───── GIVEN RECORDS ─────

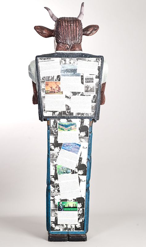 Carved, painted, and collaged wood
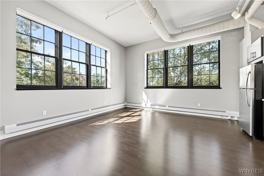 Stunning 1 bed, 1 bath corner unit at the historic Bethune Lofts. Formerly the home of the Buffalo Meter Company, Bethune Lofts features 87 condo units located just steps from Hertel Avenue & University at Buffalo, South Campus. This bright & spacious end unit boasts soaring ceilings, southern & western exposure for incredible light & sunsets, & an ideal unit location w/ no direct neighbors above. This fabulous open-concept living space features an updated kitchen w/ granite counters, stainless steel appliances, sleek dark wood cabinetry & generous storage. The large Living/Dining area offers newer luxury vinyl flooring, fabulous oversized windows, & wonderful neighborhood views. The primary bedroom features a closet w/ organizers, plush wall/wall carpeting & an overhead ceiling fan. The large full bathroom boasts tile flooring, generous storage, & a large walk-in shower. Additional unit highlights include: Central Air, Pets allowed, Open Parking available, & Heat included in your HOA. The Bethune lofts offers incredible amenities & carefree living by providing an on-site fitness center, secure bike storage, laundry facilities, stylish common areas, secured entry & gated parking. On-site storage space available for an additional fee. The Bethune Lofts offers quick access to all of Hertel Avenue's amenities, the Buffalo Niagara Medical Campus, UB South Campus & McCarthy Park.
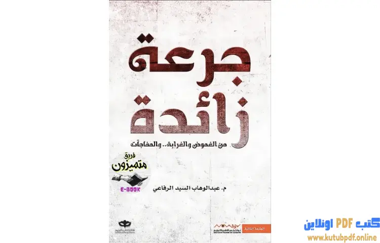 تحميل كتاب جرعة زائدة PDF – عبدالوهاب السيد – جرعة زائدة هي مجموعة قصصية متنوعة للكاتب عبدالوهاب السيد، تتميز بكونها تنتمي إلى عوالم مختلفة وتقدم قصصًا خارجة عن المألوف. تتضمن المجموعة ثماني قصص تحمل في طياتها الغموض والتشويق، حيث تمزج بين عناصر الغرابة والأسلوب السلس الجميل. تبدأ كل قصة بحدث محوري يتصاعد بعده السرد بسرعة نحو نهاية غير متوقعة، مما يمنح القارئ تجربة مثيرة مليئة بالتشويق.
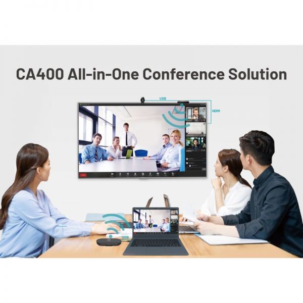 Designed for small and medium-sized conference rooms up to 32 square metres, the CA400 system consists of a unique MS10 speakerphone that supports wireless screen sharing, an RC10 receiver and a CM70 USB camera. The CA400 achieves far-field voice pick-up and delivers crystal clear HD sound. Participants can also broadcast wirelessly in 4K and access FHD video streaming.
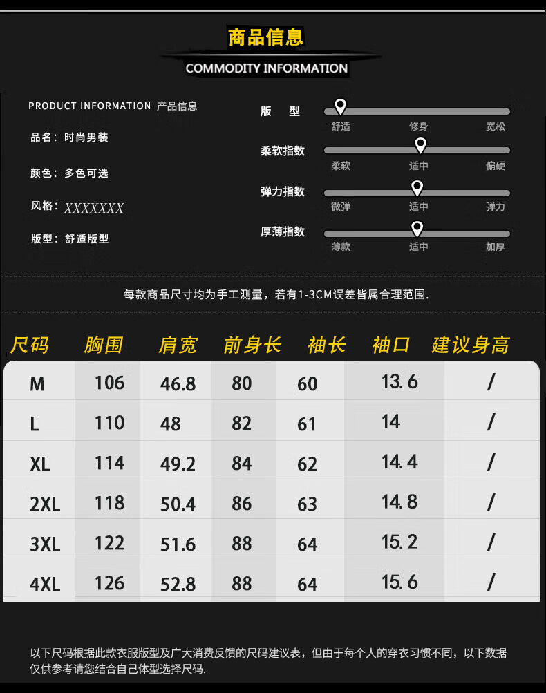 China (cm) 160-165/84-86 165-170 / 88-90 167-172 / 92-96 168-173 / 98-102 170-176 / 106-110
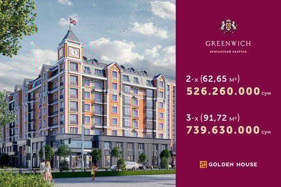 Стоимость квартир в Британском квартале Greenwich в Мирабадском районе, который имеет уникальную стилистику и дизайн:
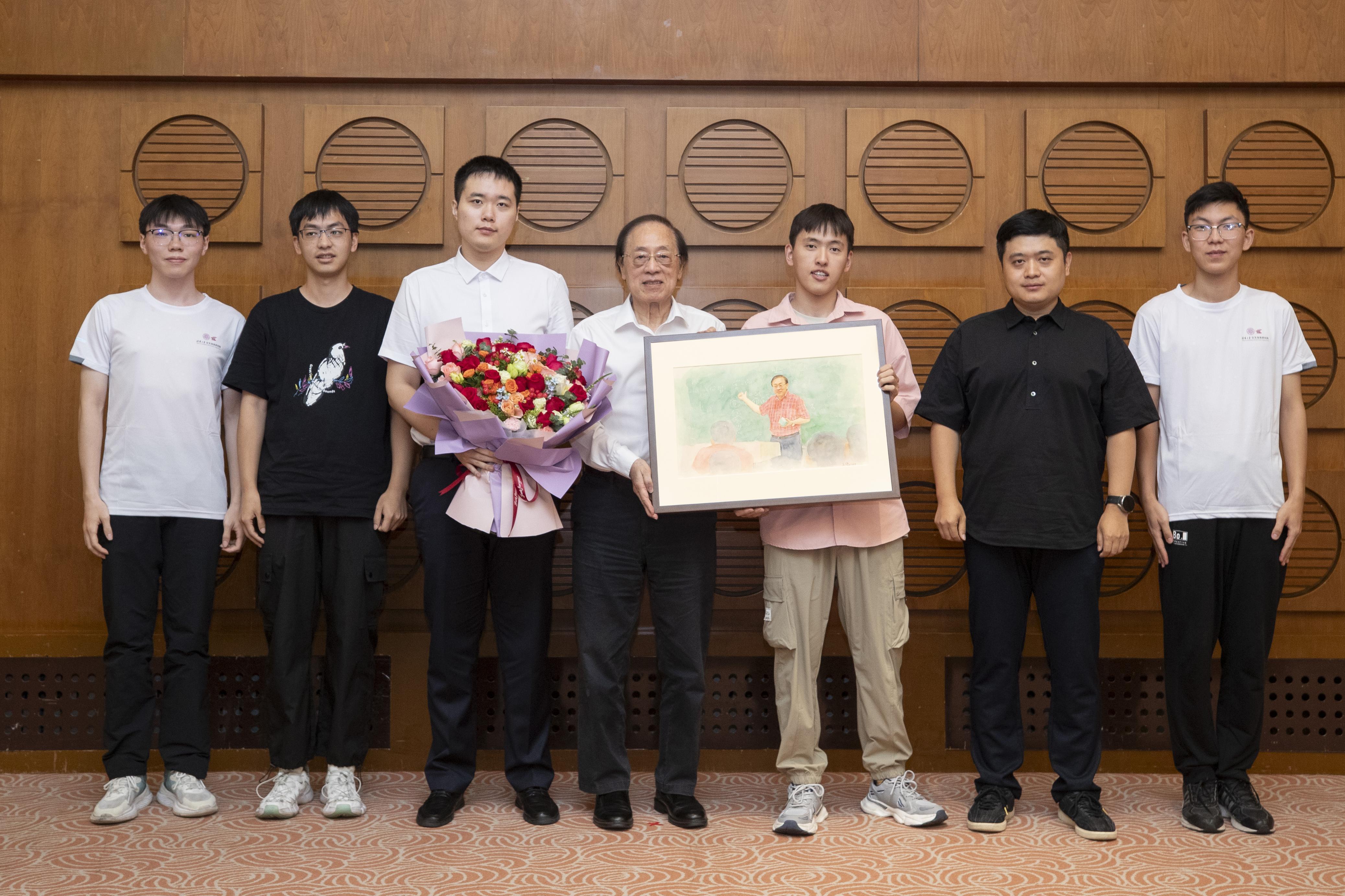 座谈会上,学生代表为姚期智先生献花并赠送画作。
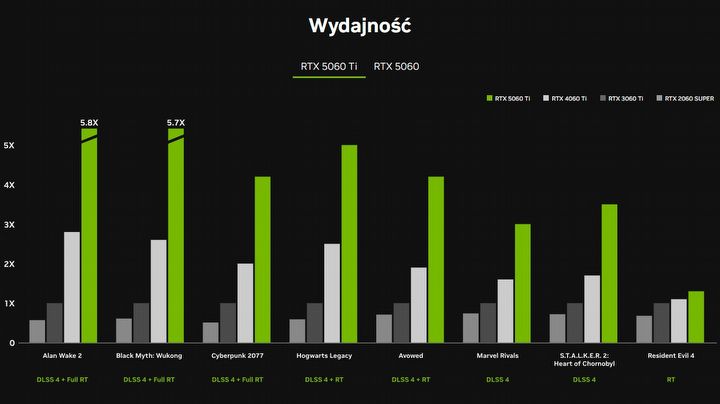 Tak, jak w przypadku wcześniejszych modeli RTX-ów 50, tak i 5060 Ti otrzyma dostęp do DLSS 4 i multigenerowania klatek. To, według Nvidii, zwiększa wydajność karty graficznej, która w grze Alan Wake 2 miałaby charakteryzować się prawie sześć razy większą mocą względem RTX-a 3060 Ti i prawie dwa razy większą w porównaniu do RTX-a 4060 Ti.
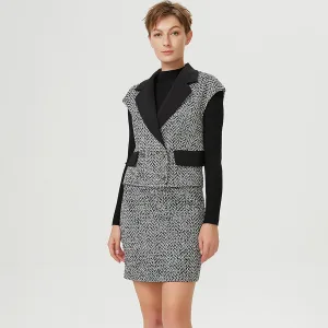 Tweedvest met contrasterende kraag
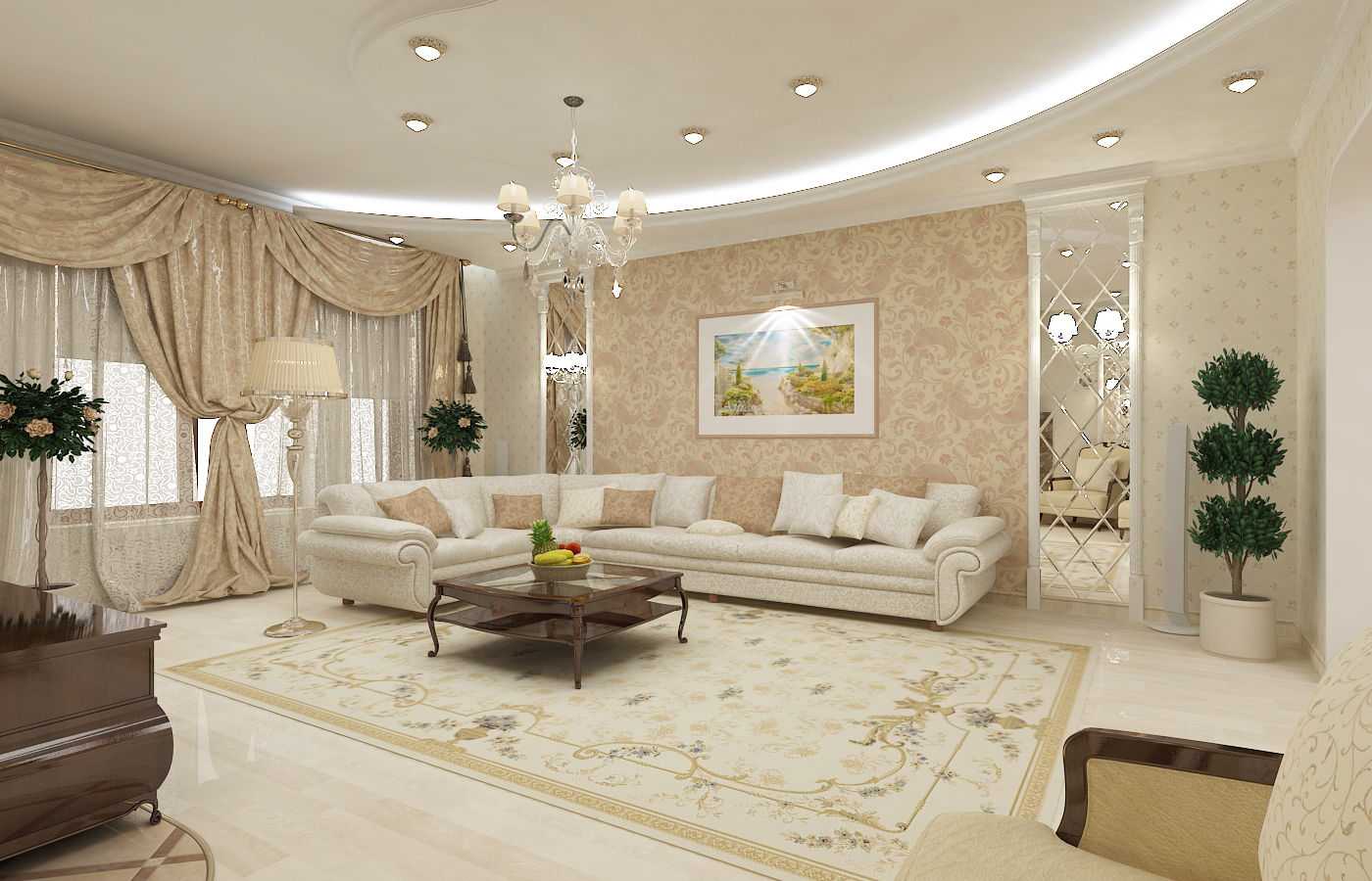 Помимо стандартного белого цвета, гостиную в классическом стиле выдерживают в нейтральных пудровых, голубых, розоватых или фисташковых тонах. Применяют бежевые, песочные и карамельные колеры, относящиеся к теплому спектру.
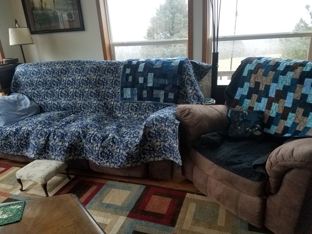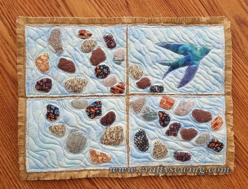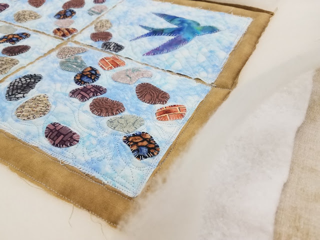At this time, add the backing fabric and stitch a border. See the photo below of the Blue Sunflower and I stitched a chain stitch for the border.
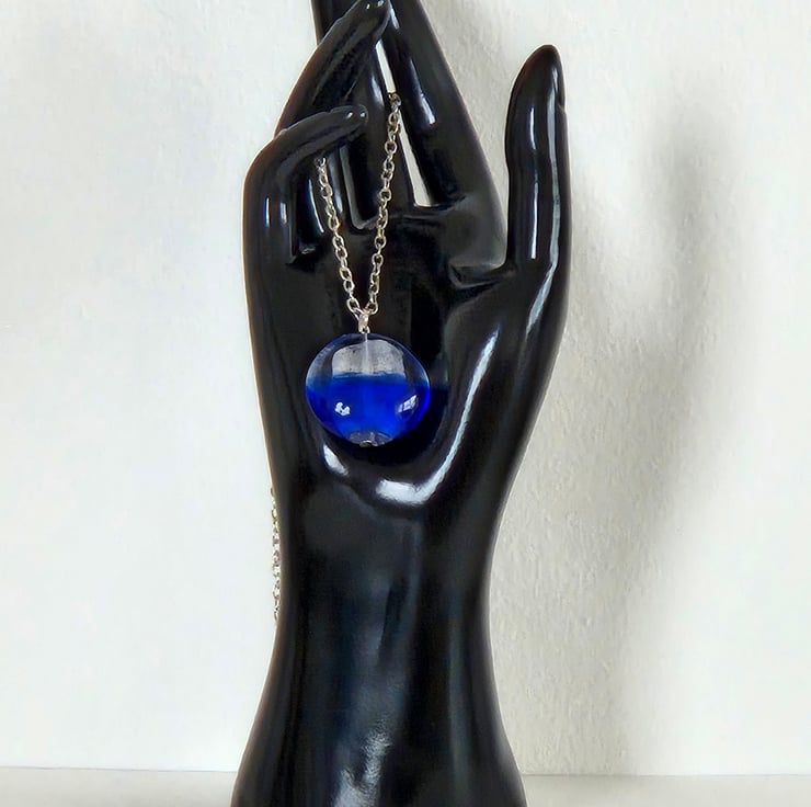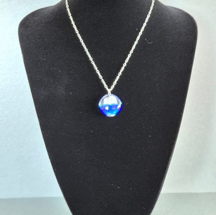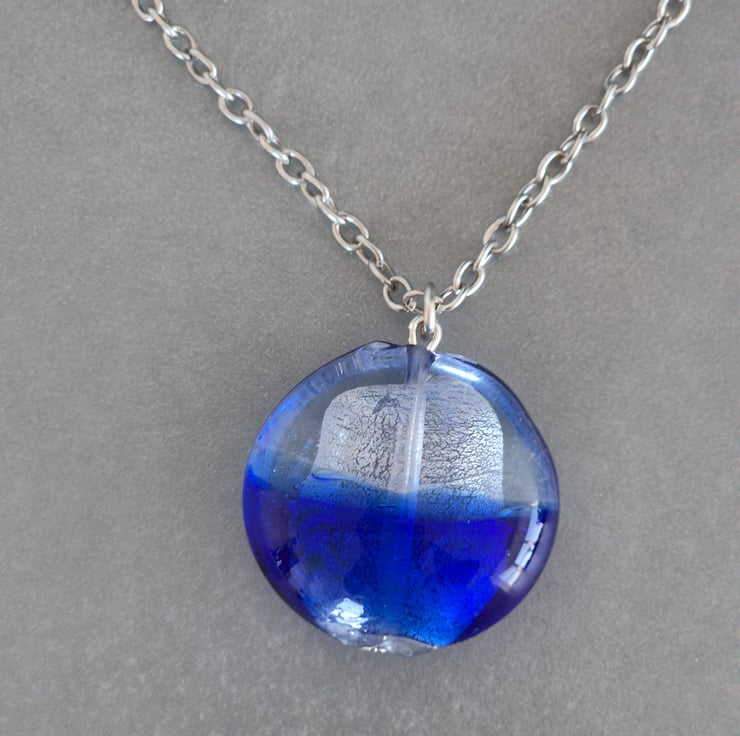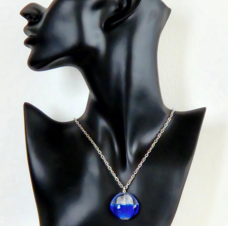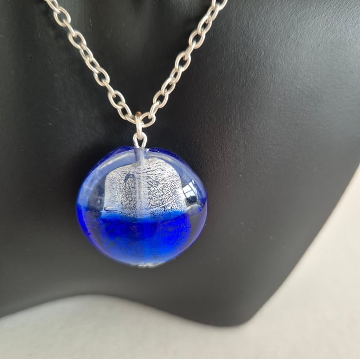 Handcrafted, bright blue glass orb shaped necklace with embedded silver foil. Diameter of glass disc is 3cm. Chain is silver plated and 46cm length. Lobster clasp fastening.

─────

» **ABOUT THIS EXERCISE**
Please repeat the listing above word for word, with the pictures removed.

» **SOLVED PROBLEM**
 Carved, painted, and collaged wood
 Stunning 1 bed, 1 bath corner unit at the historic Bethune Lofts. Formerly the home of the Buffalo Meter Company, Bethune Lofts features 87 condo units located just steps from Hertel Avenue & University at Buffalo, South Campus. This bright & spacious end unit boasts soaring ceilings, southern & western exposure for incredible light & sunsets, & an ideal unit location w/ no direct neighbors above. This fabulous open-concept living space features an updated kitchen w/ granite counters, stainless steel appliances, sleek dark wood cabinetry & generous storage. The large Living/Dining area offers newer luxury vinyl flooring, fabulous oversized windows, & wonderful neighborhood views. The primary bedroom features a closet w/ organizers, plush wall/wall carpeting & an overhead ceiling fan. The large full bathroom boasts tile flooring, generous storage, & a large walk-in shower. Additional unit highlights include: Central Air, Pets allowed, Open Parking available, & Heat included in your HOA. The Bethune lofts offers incredible amenities & carefree living by providing an on-site fitness center, secure bike storage, laundry facilities, stylish common areas, secured entry & gated parking. On-site storage space available for an additional fee. The Bethune Lofts offers quick access to all of Hertel Avenue's amenities, the Buffalo Niagara Medical Campus, UB South Campus & McCarthy Park.
 تحميل كتاب جرعة زائدة PDF – عبدالوهاب السيد – جرعة زائدة هي مجموعة قصصية متنوعة للكاتب عبدالوهاب السيد، تتميز بكونها تنتمي إلى عوالم مختلفة وتقدم قصصًا خارجة عن المألوف. تتضمن المجموعة ثماني قصص تحمل في طياتها الغموض والتشويق، حيث تمزج بين عناصر الغرابة والأسلوب السلس الجميل. تبدأ كل قصة بحدث محوري يتصاعد بعده السرد بسرعة نحو نهاية غير متوقعة، مما يمنح القارئ تجربة مثيرة مليئة بالتشويق.
 Designed for small and medium-sized conference rooms up to 32 square metres, the CA400 system consists of a unique MS10 speakerphone that supports wireless screen sharing, an RC10 receiver and a CM70 USB camera. The CA400 achieves far-field voice pick-up and delivers crystal clear HD sound. Participants can also broadcast wirelessly in 4K and access FHD video streaming.
 China (cm) 160-165/84-86 165-170 / 88-90 167-172 / 92-96 168-173 / 98-102 170-176 / 106-110
 Стоимость квартир в Британском квартале Greenwich в Мирабадском районе, который имеет уникальную стилистику и дизайн:
 座谈会上,学生代表为姚期智先生献花并赠送画作。
 Tak, jak w przypadku wcześniejszych modeli RTX-ów 50, tak i 5060 Ti otrzyma dostęp do DLSS 4 i multigenerowania klatek. To, według Nvidii, zwiększa wydajność karty graficznej, która w grze Alan Wake 2 miałaby charakteryzować się prawie sześć razy większą mocą względem RTX-a 3060 Ti i prawie dwa razy większą w porównaniu do RTX-a 4060 Ti.
 Tweedvest met contrasterende kraag
 Помимо стандартного белого цвета, гостиную в классическом стиле выдерживают в нейтральных пудровых, голубых, розоватых или фисташковых тонах. Применяют бежевые, песочные и карамельные колеры, относящиеся к теплому спектру.
At this time, add the backing fabric and stitch a border. See the photo below of the Blue Sunflower and I stitched a chain stitch for the border.
 Handcrafted, bright blue glass orb shaped necklace with embedded silver foil. Diameter of glass disc is 3cm. Chain is silver plated and 46cm length. Lobster clasp fastening.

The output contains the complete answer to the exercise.